One of the things we’re proudest of at Qumulo is the relationship we have with our customers. We support them with a dedicated Customer Success team that communicates over Slack and on the phone, and uses cloud-based monitoring to resolve any issues customers have efficiently and as swiftly as possible. Customers are our magnetic field – at the heart of everything we do.
At Qumulo, creating, storing and building with data is our super power, and that means we measure everything – including our ability to meet our customers’ needs to solve their problems with ease. That metric across our industry is known as a customer satisfaction Net Promoter Score (NPS), and Qumulo’s NPS reached 91 in the last quarter of our fiscal year. Perhaps even more impressive is that our customer satisfaction rating continues to trend up as our customer base grows!
Now, I’m an engineer, and I didn’t recognize that term “Customer Success” when I joined the company a few years ago. Today, I understand it’s like “Customer Support” on steroids: proactive, solution-oriented and dedicated to ensuring the customer is truly successful in using our file data platform to achieve their goals.
Investigating Issues with Cloud-Based Monitoring
How does Qumulo’s Customer Success (CS) team solve thorny issues in the field so quickly? Well, many of our customers have enabled Cloud-Based Monitoring or “Mission Qontrol” (we have a thing for the letter Q here), which is a phone-home feature that sends a myriad of system health metrics to our data-analytics system. Internally, our CS team is able to pull up and visualize charts of health metrics against their data to get really detailed insight into the behavior of our system—which is designed to manage a lot of complexity for our customers.
To visualize the health metrics data, we use an open-source application called Grafana, which can pull from an assortment of data sources. In-house, we design the data pipeline that gets all the health metrics data from our customer clusters, securely stored in a database, and does appropriate transformations on it along the way.
Case in Point — Seeing the Problem
Recently, a biomedical research customer upgraded its Qumulo cluster, and a few days later the data administrators noticed that they had hit a limit on existing filesystem snapshots. We have a high limit on the number of snapshots, just to ensure some process isn’t getting out of hand—and indeed, here it was. But why was that? After all, the customer was using snapshots in a routine way—as part of our replication feature, which creates and deletes snapshots automatically, on a 1-minute cadence. Clearly, this was something that needed more investigating.
Using our Mission Qontrol Cloud-Based Monitoring dashboard, the CS investigators were quickly able to confirm the product was at its limit for snaphots, then identify that CPU usage was really high on a single node. In this instance, an extraordinary number of “set permissions” (setattr) operations were coming into that node. The customer was also able to see that snapshot cleanup operations were taking longer than usual.
With all of that in mind, they understood that setattr operations were rapidly creating a lot of backlogged work for the snapshot cleanup to do, and causing snapshots to slowly accumulate. The monitoring system holds thousands of health metrics for each node, yet the investigators were able to navigate through it all easily, through data visualization as shown in Figures 1 – 4.
How do we collect all this data on system health metrics?
When we launched with our first customers back in 2013, we knew that responsiveness to customer problems would be key to our success so we built a rough-and-ready system with key customer stats and alerts. Since then our cloud monitoring ability has grown so much smarter. We’ve expanded the number of health metrics that get reported to over 10,000 different metrics tracked per node, sometimes even per disk.
In the last year, we’ve continued to invest in this architecture by breaking up the service into several components with their own focus: a webserver to catch the incoming metrics, a distributed queueing system to buffer them and manage the fanout to many internal consumers, and a good analytical database to house the data and make it easy to query by the investigators.
Today’s Mission Qontrol cloud-based monitoring architecture supports data analytics efficiently with distributed queueing by decoupling data consumers from each other and the customer production systems.

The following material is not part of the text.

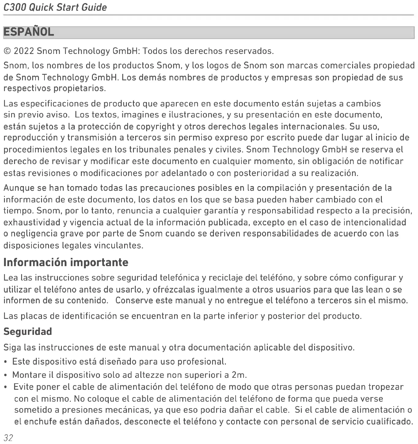 - Microfoni: 6 m icrofoni con beamforming Smaltimento Dispositivo Questo dispositivo è soggetto alla Direttiva Europea 2012/19/EC e non può essere smaltito con i riuti domestici. Se non sapete come smaltire l’apparecchio una volta inutilizzabile, contattate il comune, la nettezza urbana locale, o il vostro rivenditore. Batteria La batteria è soggetto alla Direttiva Europea 2006/66/EC e non può essere buttato tra i normali riuti domestici. Non smaltire le batterie nel fuoco o in un inceneritore. RISCHIO DI ESPLOSIONE! Se non sapete come smaltire la batteria una volta inutilizzabile, contattate il comune, la nettezza urbana locale, o il vostro rivenditore. Per ulteriori informazioni consultare nostra pagina web, https://service.snom.com.com -> Conference solution.32 C300 Quick Start Guide ESPAÑOL © 2022 Snom Technology GmbH: Todos los derechos reservados. Snom, los nombres de los productos Snom, y los logos de Snom son marcas comerciales propiedad de Snom Technology GmbH. Los demás nombres de productos y empresas son propiedad de sus respectivos propietarios. Las especicaciones de producto que aparecen en este documento están sujetas a cambios sin previo aviso. Los textos, imagines e ilustraciones, y su presentación en este documento, están sujetos a la protección de copyright y otros derechos legales internacionales. Su uso, reproducción y transmisión a terceros sin permiso expreso por escrito puede dar lugar al inicio de procedimientos legales en los tribunales penales y civiles. Snom Technology GmbH se reserva el derecho de revisar y modicar este documento en cualquier momento, sin obligación de noticar estas revisiones o modicaciones por adelantado o con posterioridad a su realización. Aunque se han tomado todas las precauciones posibles en la compilación y presentación de la información de este documento, los datos en los que se basa pueden haber cambiado con el tiempo. Snom, por lo tanto, renuncia a cualquier garantía y responsabilidad respecto a la precisión, exhaustividad y vigencia actual de la información publicada, excepto en el caso de intencionalidad o negligencia grave por parte de Snom cuando se deriven responsabilidades de acuerdo con las disposiciones legales vinculantes. Información importante Lea las instrucciones sobre seguridad telefónica y reciclaje del teléfóno, y sobre cómo congurar y utilizar el teléfono antes de usarlo, y ofrézcalas igualmente a otros usuarios para que las lean o se informen de su contenido. Conserve este manual y no entregue el teléfono a terceros sin el mismo. Las placas de identicación se encuentran en la parte inferior y posterior del producto. Seguridad Siga las instrucciones de este manual y otra documentación aplicable del dispositivo.

For the queueing system, we chose RabbitMQ because it was easy to use, had the functionality we needed with a friendly API, and seemed to have a wide, satisfied, user community. We’ve been running it for about a year now and have found it to be very reliable.

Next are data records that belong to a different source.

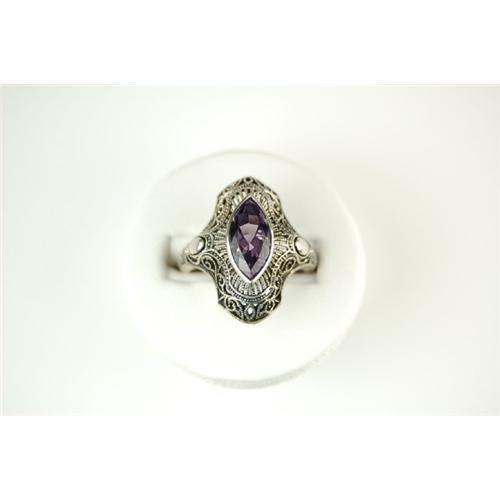 This Antique Style ring is an Authentic and Accurate copy of a ring from the 1930s and THIS one is in MINT condition! It is Solid STERLING Silver and it features a Marquise Cut Genuine Amethyst = 4 Carats! The Amethyst is surrounded by the beautiful filigree work. This ring is now a size 8 and I can easily resize it for you. It is in 'brand new' condition.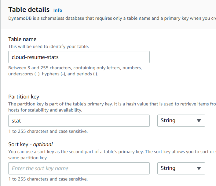 Assuming at some point I might want to track some other kinds of stats for this site, I'll create a table called "cloud-resume-stats" with a partition key called "stats" from the DynamoDB UI. At first, the only "stat" will be the visitor count, but perhaps there will be other things to track later. Or not.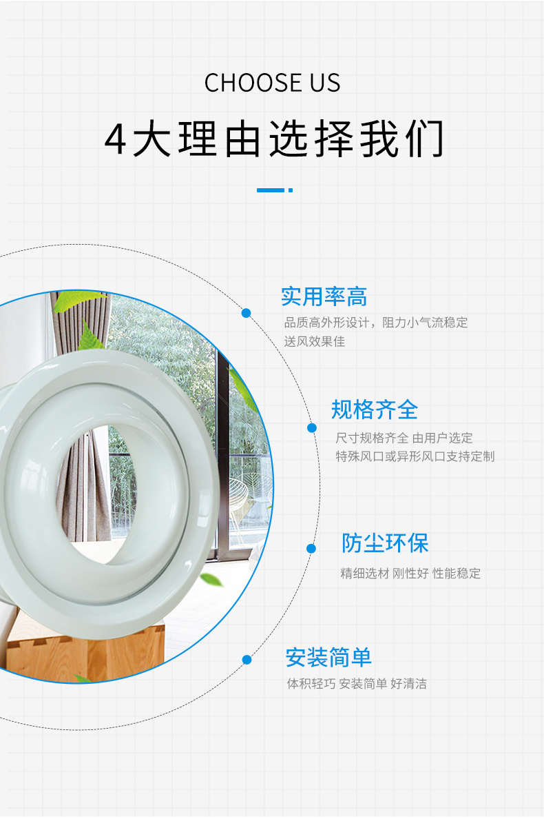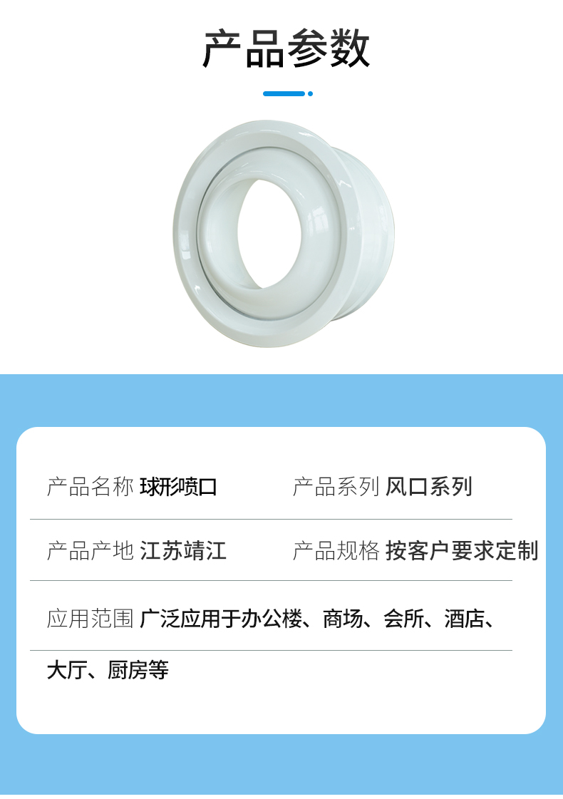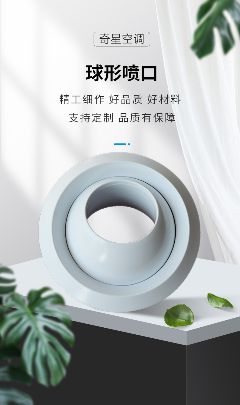 球形噴口的送風噴嘴為球形,卡在外殼中,配有鋁制裝飾圈和可直接為圓插接的圓形接管,噴嘴可在30度左右范圍內人工或電動調節。主要用于音樂廳、劇場、博物館、電影院、飛機場、高鐵站等空調送風與人員活動范圍有較大距離的環境中。

With this flywheel in the middle, spinning out the data to all the data consumers, we can do so many things. We can look at specific customer problems, like that of the research institution we talked about earlier; we can do aggregate analysis with the billions of files stored in our clusters; we can evaluate how well new features are performing for our customers and identify further improvements we should deliver; and we can study how the usage of different product features has shifted over time.
And where is all this data stored? On Qumulo, of course. We actually have two Qumulo clusters, one in our data center and one namespace in the cloud, so we’re taking full advantage of the power of the Qumulo File Data Platform, and of course, “eating our own dog food.”